My own win probability model put the Warriors chances as low as 0.2%. That low point occurred after a miss by the Warriors' Shaun Livingston with 6:24 left in the game and Golden State down by seventeen. Livingston would rebound his own miss for the put back slam dunk, tripling his team's chances to 0.6%.

But that win probability estimate assumes teams that are evenly matched. The Warriors, however, are anything but an even match for the Pelicans. At home, they were 12.5 point favorites over the Pelicans in the first two games of their first round series. With game three being in New Orleans, the Warriors were still favorites, but not overwhelmingly so at just 5 points. If we use the win probability model calibrated to pre-game odds, the Warriors comeback becomes slightly less improbable, with a low point of 0.4%.

How does this compare to other estimates of the Warriors' chances? I am aware of two others:
  • Gambletron 2000 - A site that aggregates in-game betting data. Think of it as a stock ticker for each NBA game (along with many, many other sports)
  • numberFire - The popular fantasy/analytics site which has recently begun publishing in-game probabilities for both football and basketball.
According to Gambletron, the Warriors chances sunk as low as 2.4% with around 6 or 7 minutes left in the fourth quarter. This amount is somewhat higher than my low point estimate of 0.4%. 

numberFire's estimate is even further off from mine, with a Warriors' win probability of 6% right around the seven minute mark of the fourth quarter. While neither model is going to be objectively "right", this is clearly a significant difference. 

So let's look at the raw data. I built my win probability model from play by play data spanning the 2000-2012 seasons. With over a thousand games per season, this makes for a fairly robust dataset. Here is how often teams came back from large deficits midway through the fourth quarter:

minutes to go:
seven minutes six minutes five minutes
trailing by games won pct games won pct games won pct
20 594 0 0.0% 613 0 0.0% 587 0 0.0%
19 703 0 0.0% 724 0 0.0% 708 0 0.0%
18 764 3 0.4% 760 1 0.1% 754 1 0.1%
17 839 6 0.7% 887 1 0.1% 884 2 0.2%
16 914 2 0.2% 960 3 0.3% 921 1 0.1%
15 1059 16 1.5% 1004 7 0.7% 1036 2 0.2%
14 1138 19 1.7% 1129 14 1.2% 1194 4 0.3%

The Warriors were down 17 with six minutes to go in their game. Over the course of 13 NBA seasons, there were 887 games in which a team trailed by that many with that much time remaining. Only once did that team go on to win - a raw frequency of just 0.1%. Eyeballing these numbers, my model estimate of about 0.5% seems most in line with the actual data, compared to numberFire and Gambletron.

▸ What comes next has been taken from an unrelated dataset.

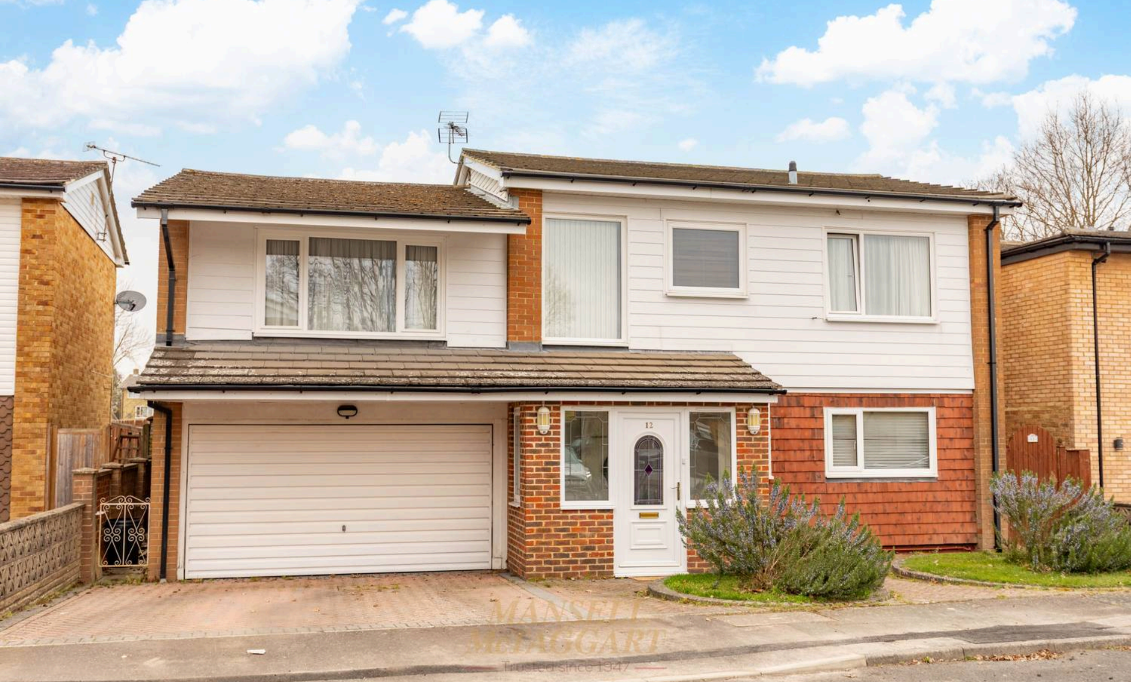
Artel Croft, Three Bridges £800,000

But this dataset includes all games, underdogs and favorites alike. What if we restrict the view to favorites? The Warriors were 5 point favorites at New Orleans. The table below only looks at outcomes for trailing teams that were favored by 2.5 to 7.5 points:

2.5 to 7 point favorites, minutes to go:
seven minutes six minutes five minutes
trailing by games won pct games won pct games won pct
20 55 0 0.0% 65 0 0.0% 68 0 0.0%
19 74 0 0.0% 78 0 0.0% 91 0 0.0%
18 83 0 0.0% 96 0 0.0% 83 0 0.0%
17 117 1 0.9% 121 0 0.0% 99 0 0.0%
16 116 0 0.0% 107 0 0.0% 102 0 0.0%
15 152 1 0.7% 132 1 0.8% 125 0 0.0%
14 161 4 2.5% 133 1 0.8% 142 0 0.0%

And here is the data for 7.5 to 12 point favorites:

minutes to go:
seven minutes six minutes five minutes
trailing by games won pct games won pct games won pct
20 13 0 0.0% 12 0 0.0% 15 0 0.0%
19 17 0 0.0% 16 0 0.0% 16 0 0.0%
18 16 0 0.0% 19 0 0.0% 26 0 0.0%
17 28 1 3.6% 24 1 4.2% 21 0 0.0%
16 28 0 0.0% 35 0 0.0% 30 0 0.0%
15 27 1 3.7% 34 1 2.9% 31 0 0.0%
14 43 2 4.7% 35 1 2.9% 40 1 2.5%

As you can see, the data gets fairly sparse and noisy once we start slicing and dicing. The art of building a win probability model is drawing smooth, rational lines through a messy cloud of data points. Feel free to draw your own conclusions, but the data above gives me confidence in my model's estimates, as well as a proper appreciation of what Steph Curry and the Warriors pulled off Thursday night in New Orleans.